- **Task brief**:
Keep the wording of every entry intact in your copy, and omit the pictures.

(Records drawn from a dataset)
□ □ □

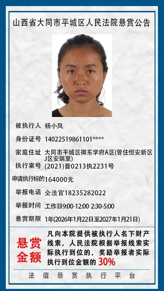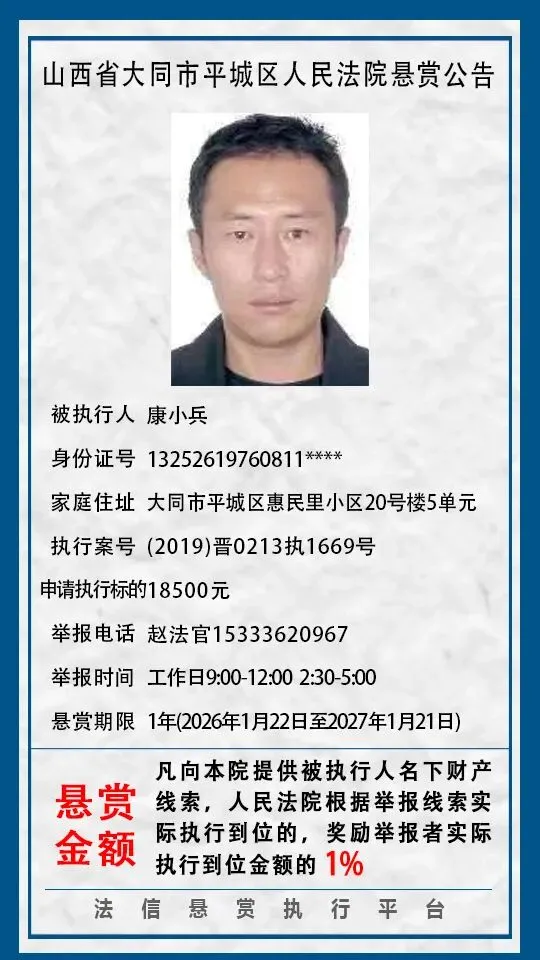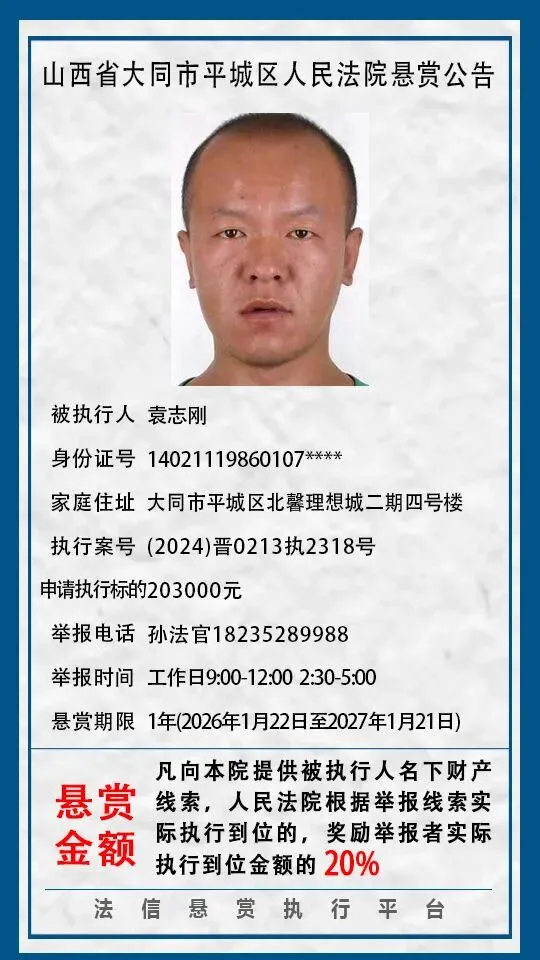 山西省大同平城区人民法院悬赏公告(2026年1月第一期)
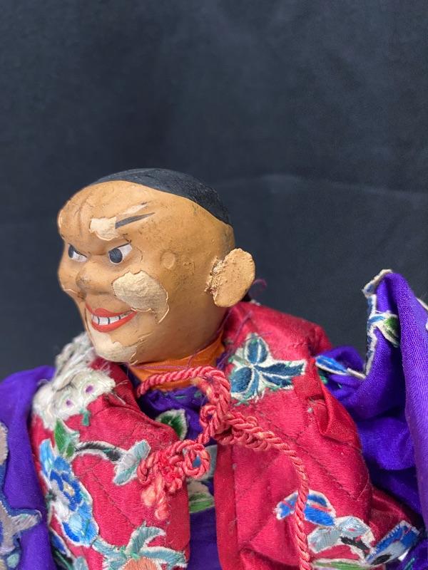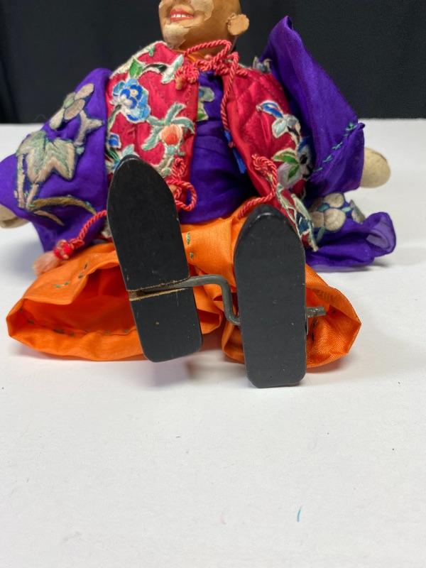 RARE Schoenhut Chinaman from the Humpty Dumpty Circus. Made in Germany. Not in original clothes. In decent antique condition. There is some damage/chips to face & head. Limbs seem to be good, has both ears. Did not find one quite like this, this one has like a walker bar in the feet. About 9" size.
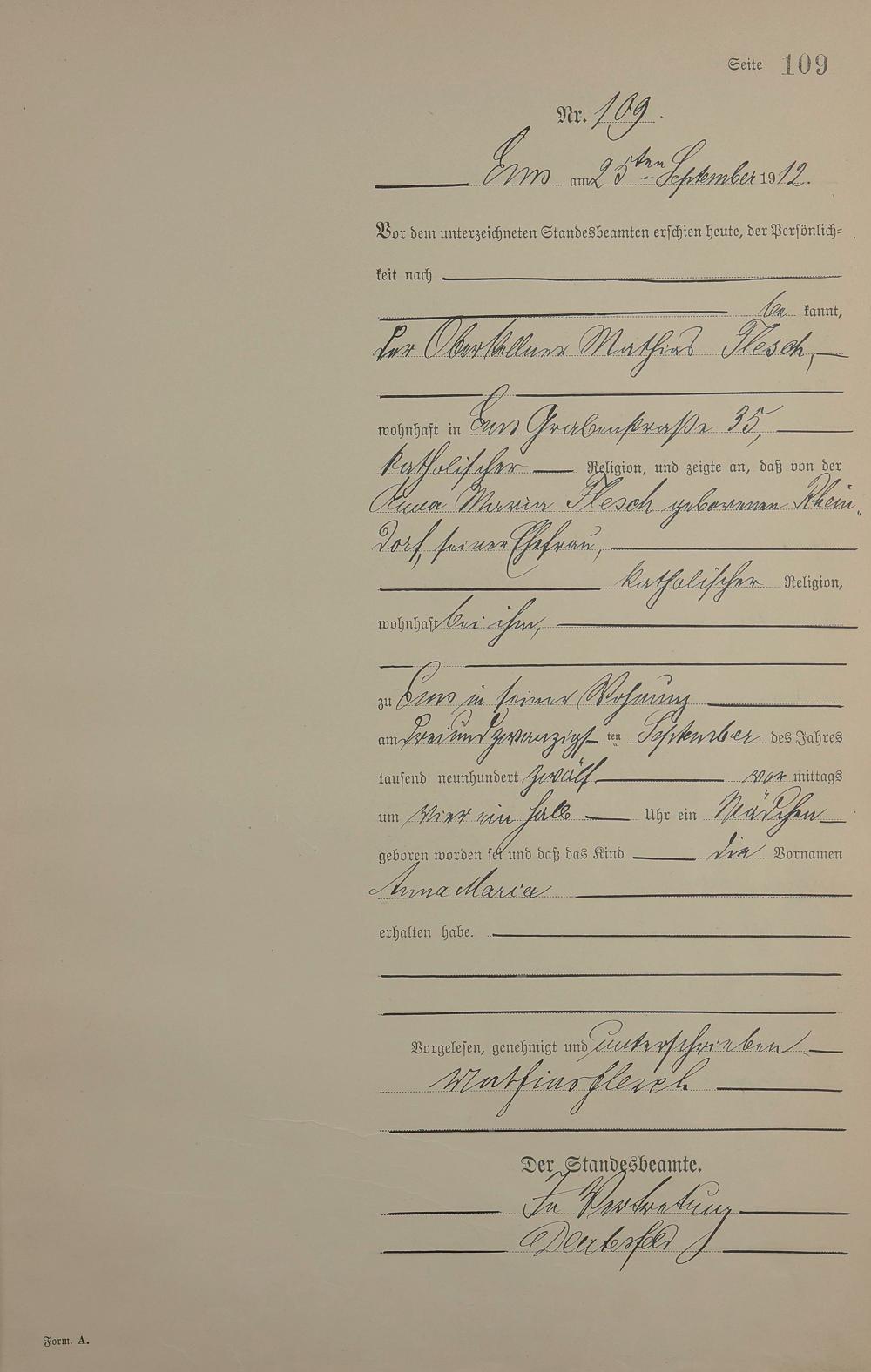 Geburtsregister 1912
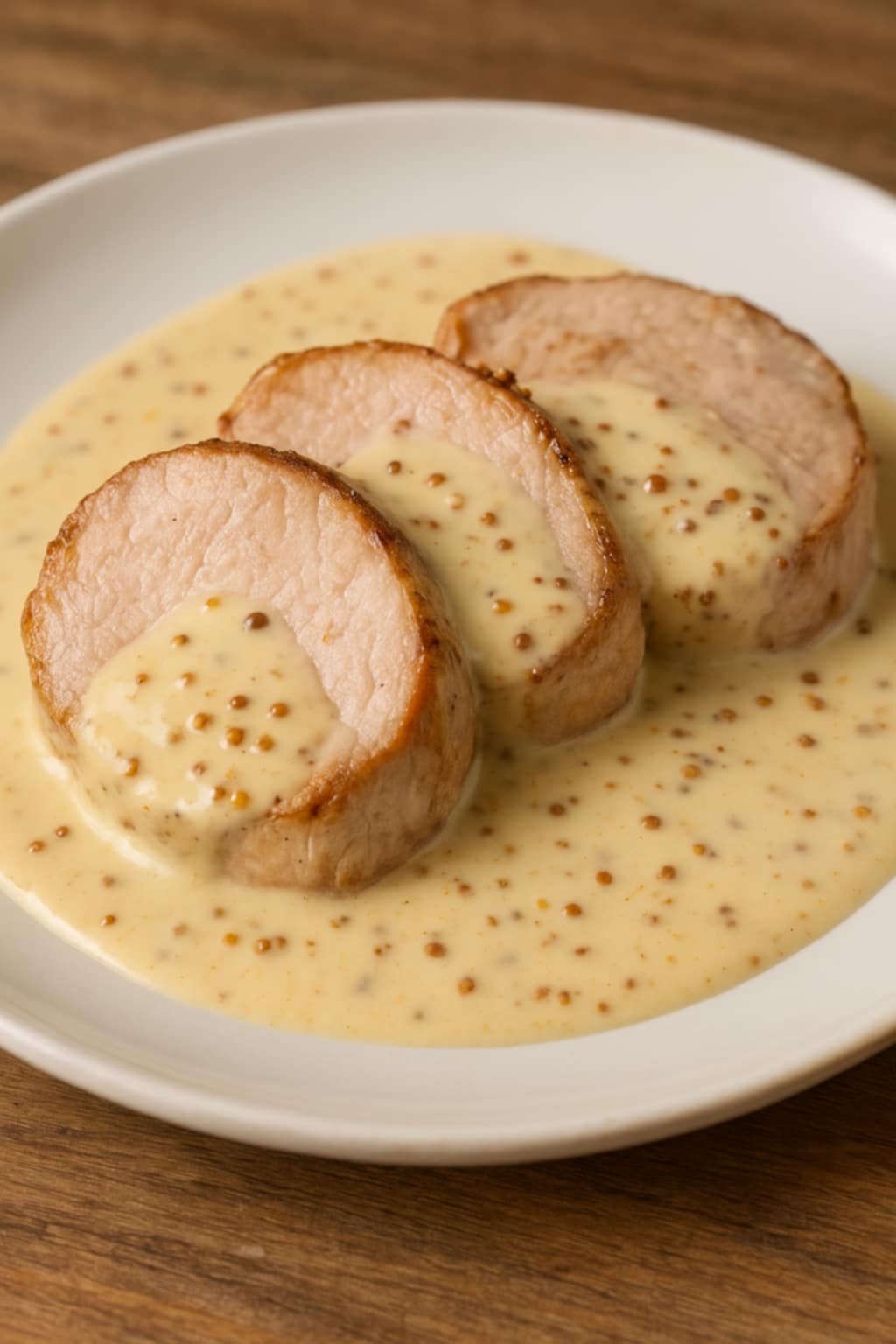 Des médaillons de filet de porc, dans une sauce faite de crème, moutarde de dijon et moutarde à l'ancienne.
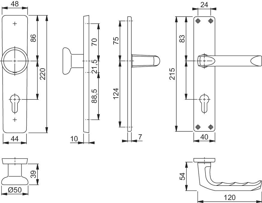 HOPPE®, Zimmertür-Wechselgarnitur, Abdeckung: Langschild, Modell: London, Modellnummer: 54/227/202SP/113, Lochung: Profilzylinder gelocht, Entfernung: 72mm, Vierkant: 8mm, Material: Aluminium, Farbton: naturfarbig, Oberfläche: eloxiert, DIN-Richtung: DIN Links-Rechts, Lagerung: Gleitlager, wartungsfrei, lose, Befestigungsart: innen sichtbar verschraubt, Befestigungstechnik: ohne Stütznocken, Befestigungssystem: Stiftverbindung,Drückerform : gerade,Drückerlänge : 120mm,Drückerhöhe : 54mm, Eigenschaft: Knopf fest auf Schild,Knopfform : rund, Knopfdurchmesser: 50mm, Knopfhöhe: 39mm, Anschlagrichtung: Drücker rechts/links verwendbar, Drückerbefestigung: Profilstift, Form: konisch, Schildlänge außen: 220 mm, Schildbreite außen: 44/48 mm, Schildstärke außen: 10mm, Schildlänge innen: 215 mm, Schildbreite innen: 40 mm, Schildstärke innen: 7mm, Türstärke min.: 37mm, Türstärke max.: 42mm, Türart: Außentüren, Türwerkstoff: Holz, Stahl

□ □ □

- **Answer below**:
 山西省大同平城区人民法院悬赏公告(2026年1月第一期)
 RARE Schoenhut Chinaman from the Humpty Dumpty Circus. Made in Germany. Not in original clothes. In decent antique condition. There is some damage/chips to face & head. Limbs seem to be good, has both ears. Did not find one quite like this, this one has like a walker bar in the feet. About 9" size.
 Geburtsregister 1912
 Des médaillons de filet de porc, dans une sauce faite de crème, moutarde de dijon et moutarde à l'ancienne.
 HOPPE®, Zimmertür-Wechselgarnitur, Abdeckung: Langschild, Modell: London, Modellnummer: 54/227/202SP/113, Lochung: Profilzylinder gelocht, Entfernung: 72mm, Vierkant: 8mm, Material: Aluminium, Farbton: naturfarbig, Oberfläche: eloxiert, DIN-Richtung: DIN Links-Rechts, Lagerung: Gleitlager, wartungsfrei, lose, Befestigungsart: innen sichtbar verschraubt, Befestigungstechnik: ohne Stütznocken, Befestigungssystem: Stiftverbindung,Drückerform : gerade,Drückerlänge : 120mm,Drückerhöhe : 54mm, Eigenschaft: Knopf fest auf Schild,Knopfform : rund, Knopfdurchmesser: 50mm, Knopfhöhe: 39mm, Anschlagrichtung: Drücker rechts/links verwendbar, Drückerbefestigung: Profilstift, Form: konisch, Schildlänge außen: 220 mm, Schildbreite außen: 44/48 mm, Schildstärke außen: 10mm, Schildlänge innen: 215 mm, Schildbreite innen: 40 mm, Schildstärke innen: 7mm, Türstärke min.: 37mm, Türstärke max.: 42mm, Türart: Außentüren, Türwerkstoff: Holz, Stahl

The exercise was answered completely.